### ABOUT THIS EXERCISE
Each line below from the "ビンゴ大会後、サンタに扮した" line through the "Schöne moderne Script" line, those two included, must be restated word for word; the pictures must not be.

### RECORD EXTRACTS
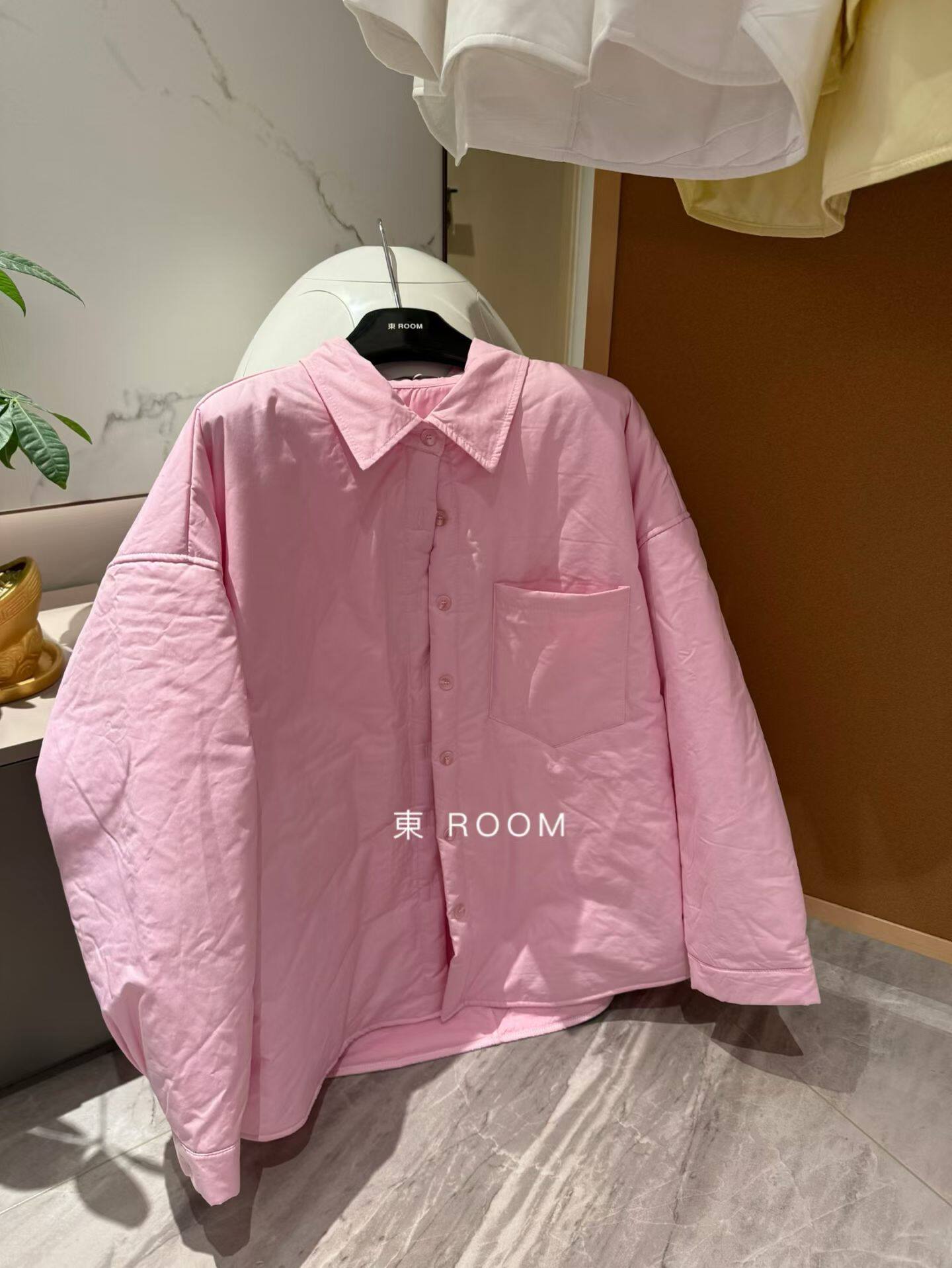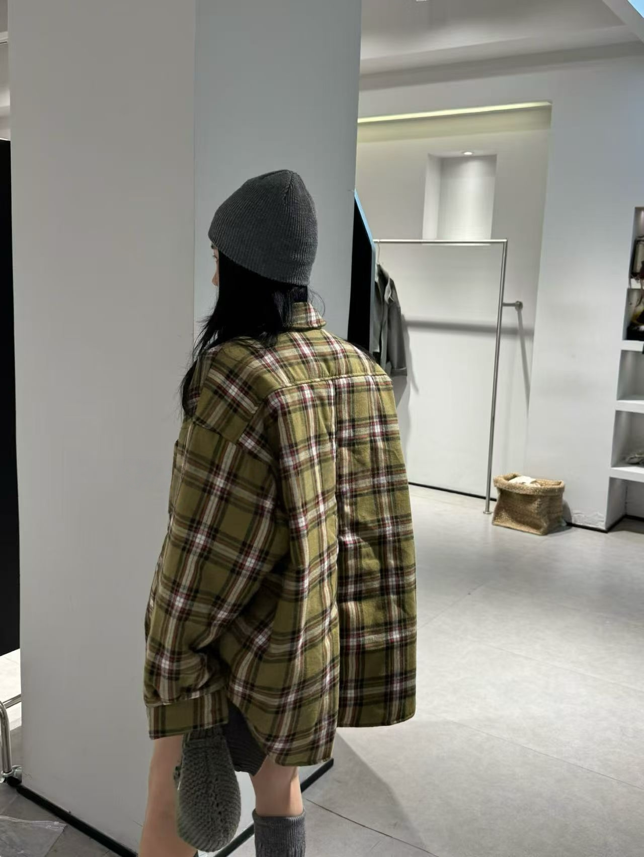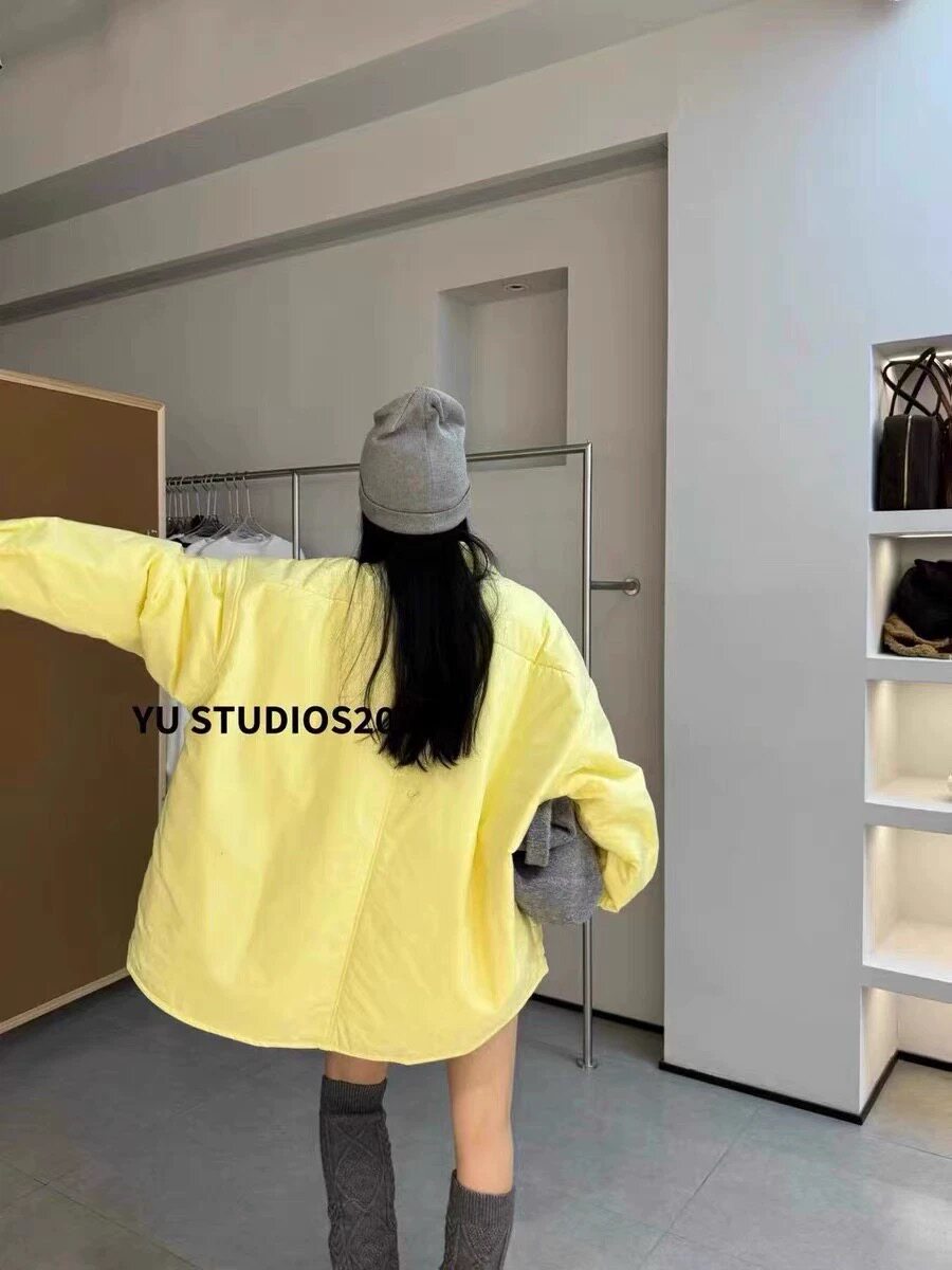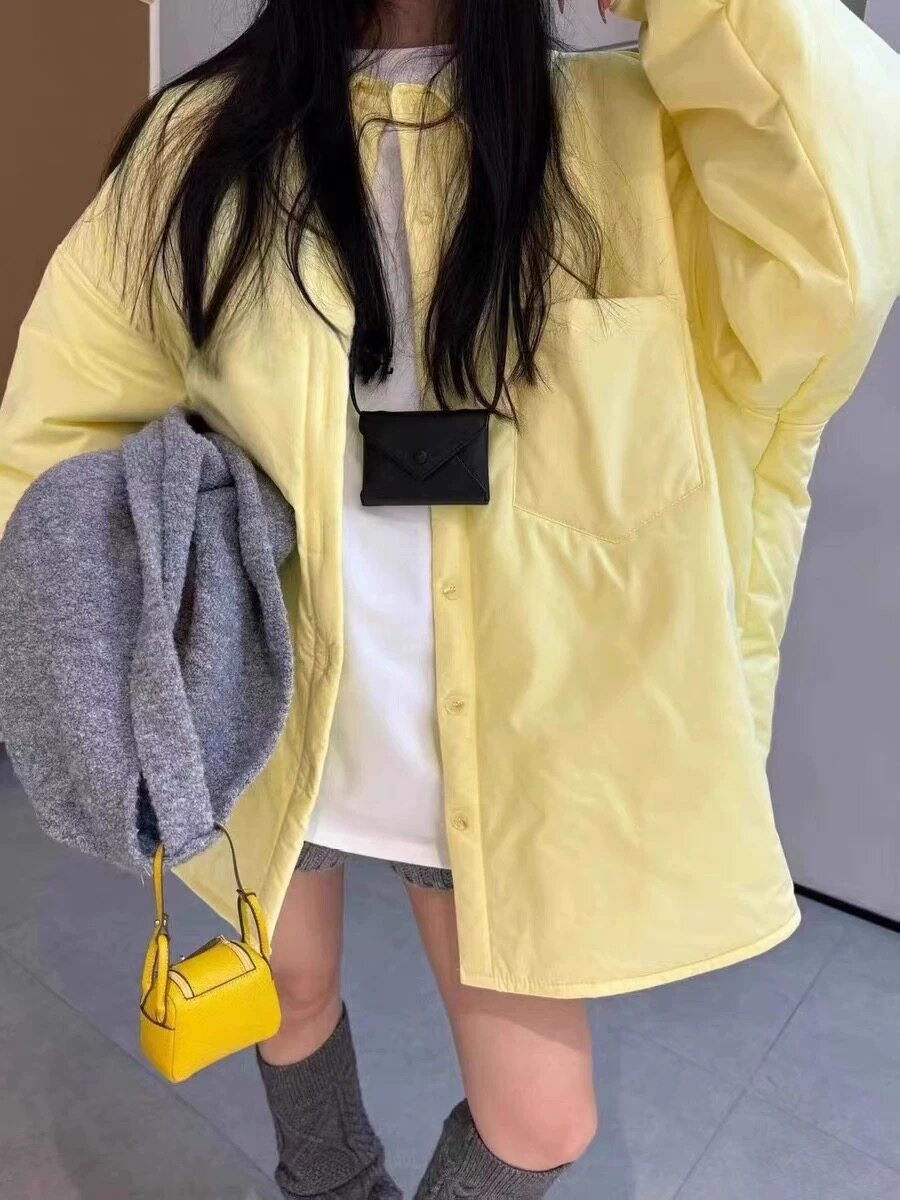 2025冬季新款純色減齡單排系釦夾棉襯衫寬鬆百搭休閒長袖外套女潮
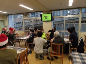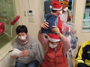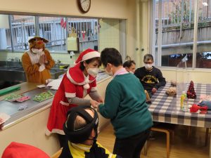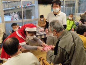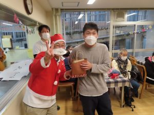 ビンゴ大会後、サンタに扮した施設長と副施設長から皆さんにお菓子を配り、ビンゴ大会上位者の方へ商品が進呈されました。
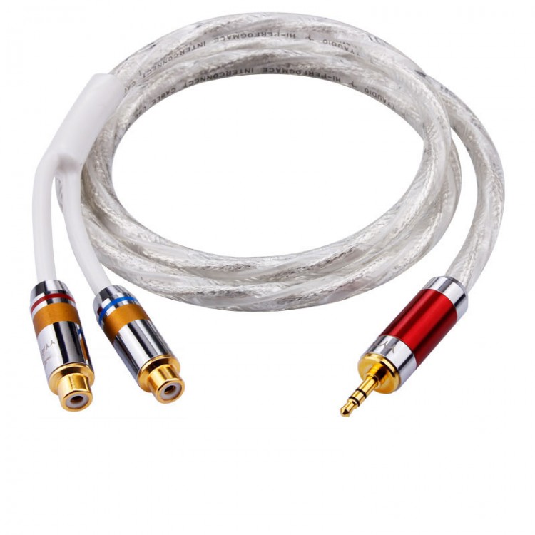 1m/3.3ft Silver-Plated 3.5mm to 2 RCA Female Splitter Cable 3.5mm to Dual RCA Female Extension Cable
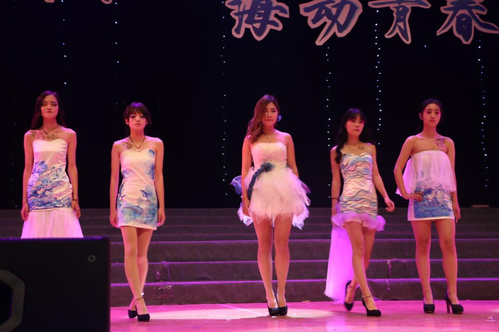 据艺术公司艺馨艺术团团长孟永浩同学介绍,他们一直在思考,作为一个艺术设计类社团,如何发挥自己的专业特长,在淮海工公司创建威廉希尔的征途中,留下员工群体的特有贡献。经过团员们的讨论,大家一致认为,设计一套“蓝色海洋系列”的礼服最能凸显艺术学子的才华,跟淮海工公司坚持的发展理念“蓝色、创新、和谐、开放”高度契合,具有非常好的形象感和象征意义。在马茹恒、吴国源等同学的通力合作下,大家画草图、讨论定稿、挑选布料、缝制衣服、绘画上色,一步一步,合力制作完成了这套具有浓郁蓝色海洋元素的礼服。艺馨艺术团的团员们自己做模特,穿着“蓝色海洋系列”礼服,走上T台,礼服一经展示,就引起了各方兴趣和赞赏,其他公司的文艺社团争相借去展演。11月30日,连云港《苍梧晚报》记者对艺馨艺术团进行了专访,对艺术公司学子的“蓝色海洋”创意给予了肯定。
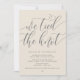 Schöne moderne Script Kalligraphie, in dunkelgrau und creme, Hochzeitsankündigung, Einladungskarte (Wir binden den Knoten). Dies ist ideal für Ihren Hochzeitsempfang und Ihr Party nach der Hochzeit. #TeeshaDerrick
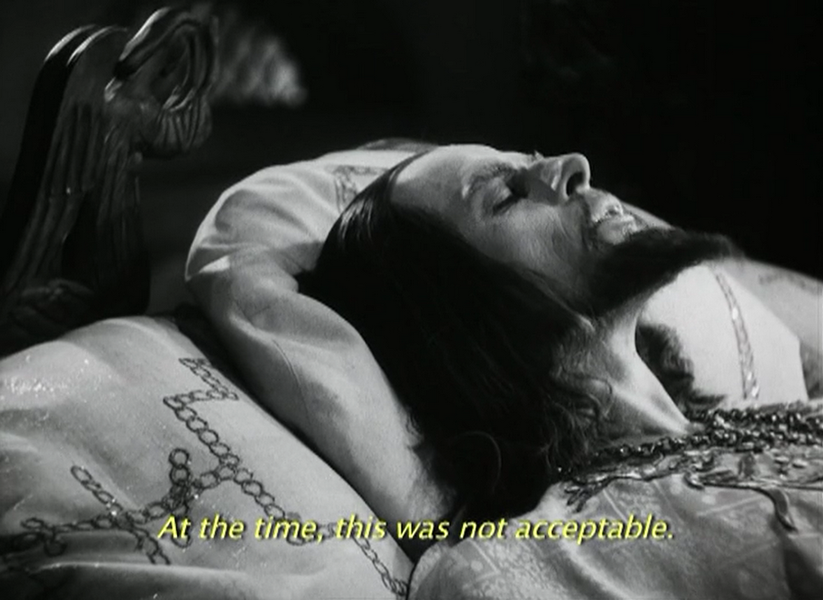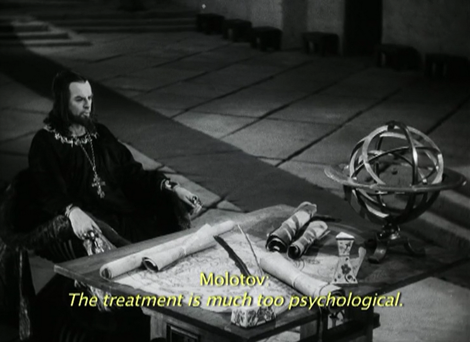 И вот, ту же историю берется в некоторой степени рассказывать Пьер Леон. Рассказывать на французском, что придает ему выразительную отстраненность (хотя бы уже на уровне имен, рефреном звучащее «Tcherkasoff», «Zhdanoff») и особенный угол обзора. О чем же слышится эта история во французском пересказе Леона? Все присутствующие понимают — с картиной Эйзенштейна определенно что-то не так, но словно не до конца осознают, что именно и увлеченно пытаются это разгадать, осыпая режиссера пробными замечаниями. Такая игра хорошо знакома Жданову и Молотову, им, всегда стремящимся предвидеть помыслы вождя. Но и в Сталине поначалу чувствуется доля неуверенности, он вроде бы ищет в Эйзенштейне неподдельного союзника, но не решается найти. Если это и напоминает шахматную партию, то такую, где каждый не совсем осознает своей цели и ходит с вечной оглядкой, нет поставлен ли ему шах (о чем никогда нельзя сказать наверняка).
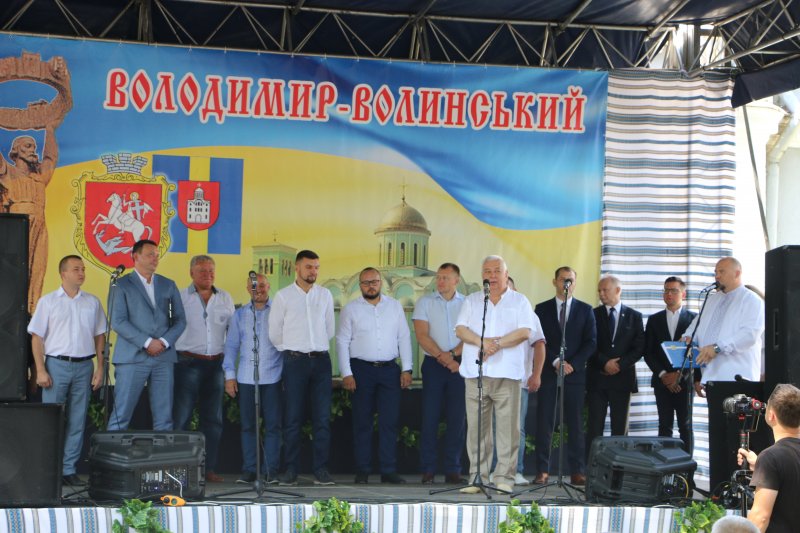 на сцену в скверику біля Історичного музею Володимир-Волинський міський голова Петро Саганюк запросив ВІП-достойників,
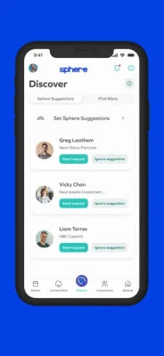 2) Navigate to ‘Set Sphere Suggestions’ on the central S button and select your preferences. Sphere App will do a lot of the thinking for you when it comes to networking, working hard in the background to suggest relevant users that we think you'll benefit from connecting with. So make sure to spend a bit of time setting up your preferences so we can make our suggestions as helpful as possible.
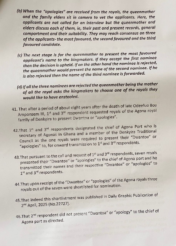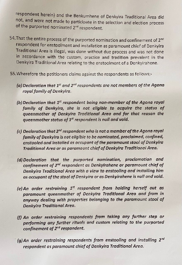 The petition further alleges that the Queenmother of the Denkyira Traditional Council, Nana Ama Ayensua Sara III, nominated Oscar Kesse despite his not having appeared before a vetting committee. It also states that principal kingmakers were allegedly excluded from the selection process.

### ANSWER
 ビンゴ大会後、サンタに扮した施設長と副施設長から皆さんにお菓子を配り、ビンゴ大会上位者の方へ商品が進呈されました。
 1m/3.3ft Silver-Plated 3.5mm to 2 RCA Female Splitter Cable 3.5mm to Dual RCA Female Extension Cable
 据艺术公司艺馨艺术团团长孟永浩同学介绍,他们一直在思考,作为一个艺术设计类社团,如何发挥自己的专业特长,在淮海工公司创建威廉希尔的征途中,留下员工群体的特有贡献。经过团员们的讨论,大家一致认为,设计一套“蓝色海洋系列”的礼服最能凸显艺术学子的才华,跟淮海工公司坚持的发展理念“蓝色、创新、和谐、开放”高度契合,具有非常好的形象感和象征意义。在马茹恒、吴国源等同学的通力合作下,大家画草图、讨论定稿、挑选布料、缝制衣服、绘画上色,一步一步,合力制作完成了这套具有浓郁蓝色海洋元素的礼服。艺馨艺术团的团员们自己做模特,穿着“蓝色海洋系列”礼服,走上T台,礼服一经展示,就引起了各方兴趣和赞赏,其他公司的文艺社团争相借去展演。11月30日,连云港《苍梧晚报》记者对艺馨艺术团进行了专访,对艺术公司学子的“蓝色海洋”创意给予了肯定。
 Schöne moderne Script Kalligraphie, in dunkelgrau und creme, Hochzeitsankündigung, Einladungskarte (Wir binden den Knoten). Dies ist ideal für Ihren Hochzeitsempfang und Ihr Party nach der Hochzeit. #TeeshaDerrick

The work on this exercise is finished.